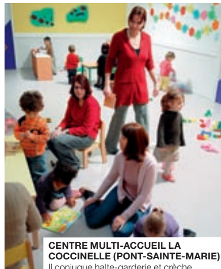
CENTRE MULTI-ACCUEIL LA COCCINELLE (PONT-SAINT-MARIE). Il conjugue halte-garderie et crèche.

Il n'y a pas de mode d'accueil idéal. Mais il y en a forcément un qui vous convient mieux que d'autres. Parlez-en à l'équipe de la PMI, qui exerce une mission de contrôle sur les différents modes de garde: agrément, suivi et formation des assistantes maternelles, conseil, autorisation et suivi des structures multi-accueil (anciennes crèches et haltes-garderies). Dans l'Aube, à l'âge de 2 ans, un enfant sur deux est gardé. Une fois sur deux, il est confié à une assistante maternelle. Quatre fois sur dix, il fréquente, plus ou moins régulièrement, un multi-accueil. Si celui-ci contribue à l'éveil et à la socialisation du jeune enfant, l'assistante maternelle offre un cadre plus familial. Elle n'est toutefois pas isolée, grâce à l'existence des "relais assistantes maternelles", qui sont autant de lieux d'échanges et de rencontres. Si vous optez pour l'assistante maternelle, informez-vous
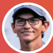
D. JAJARABILLA CENTRO DE ARQUERÍA MAR DEL PLATA
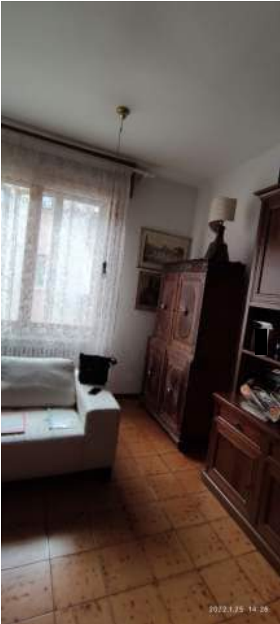
FOTO 7_SOGGIORNO_VISTA VERSO LATO SUD/OVEST
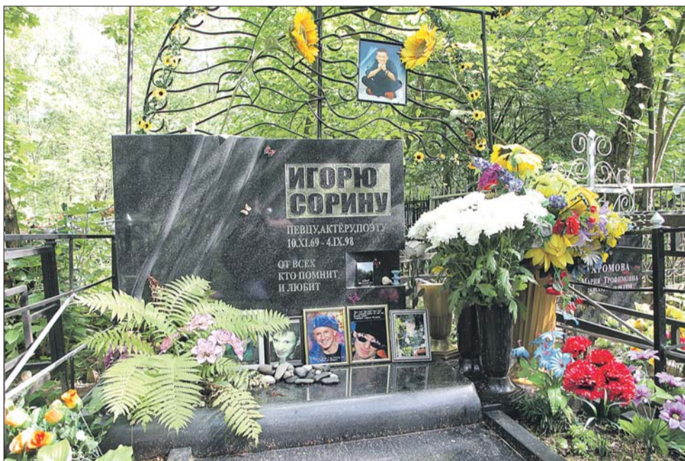
Могилы Игоря Сорина всегда в цветах
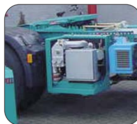
Geluidsdichte omkasting met Cmax2 S
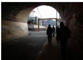
ゴール近くの隧 道を行く、大変お 疲れ様でした。
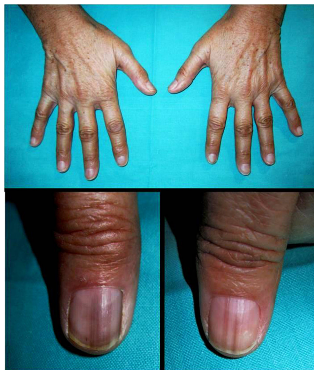
Figura 1 Hiperpigmentación cutánea. Líneas y bandas longitudinales hiperpigmentadas en las uñas de los primeros dedos de ambas manos.

La hiperpigmentación cutánea asociada a la enfermedad de Addison se caracteriza por un bronceado extenso de la piel fotoexpuesta y en menor medida de la no expuesta por estímulo de la ACTH y la MSH. A nivel de la uña dicho
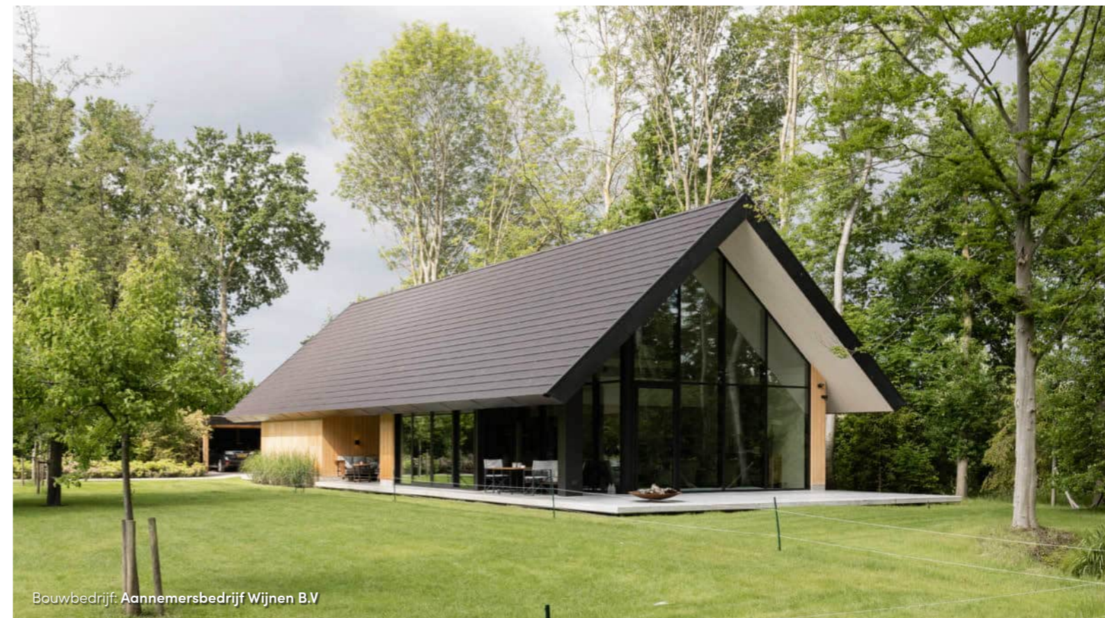
Bouwbedrijf: Aannemersbedrijf Wijnen B.V

veel materialen met elkaar te combineren. In dit project hebben we gekozen voor hout, beton en wit stucwerk als hoofdtonen. Zwart komt niet in de natuur voor, daarom kozen we voor een donkere kleur die het zwart benadert, maar heel warm oogt als het licht erop schijnt. De dakpannen zijn in dezelfde warme tint. Zo oogt de woning niet hard en past deze in de omgeving." De
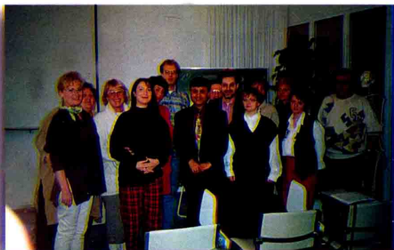
哈木拉提·吾甫尔教 授在实验室指导中外留 学生如何解决口服液制 剂抗氧化性、药效稳定 性、离子化处理工艺等 世界性难题。
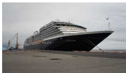
▲青森港に入港したウエステルダム
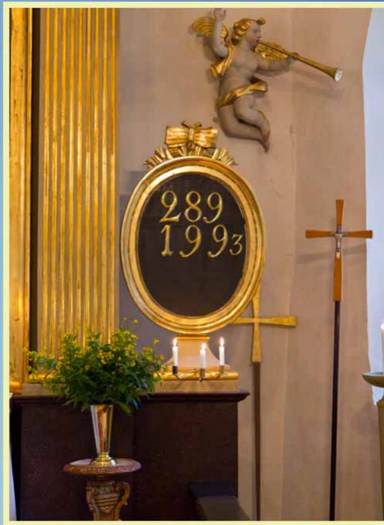
Kvällsandakt i Kvarsebo kyrka med musik i sommarkvällen
^^^^
▸ Exercise brief: Give again, exactly as written above, each line from the one that has "ゴール近くの隧 道を行く、大変お 疲れ様でした。" to the one that has "Bouwbedrijf: Aannemersbedrijf Wijnen B.V", both included; omit the pictures.

▸ Exercise solution:
ゴール近くの隧 道を行く、大変お 疲れ様でした。
Figura 1 Hiperpigmentación cutánea. Líneas y bandas longitudinales hiperpigmentadas en las uñas de los primeros dedos de ambas manos.

La hiperpigmentación cutánea asociada a la enfermedad de Addison se caracteriza por un bronceado extenso de la piel fotoexpuesta y en menor medida de la no expuesta por estímulo de la ACTH y la MSH. A nivel de la uña dicho
Bouwbedrijf: Aannemersbedrijf Wijnen B.V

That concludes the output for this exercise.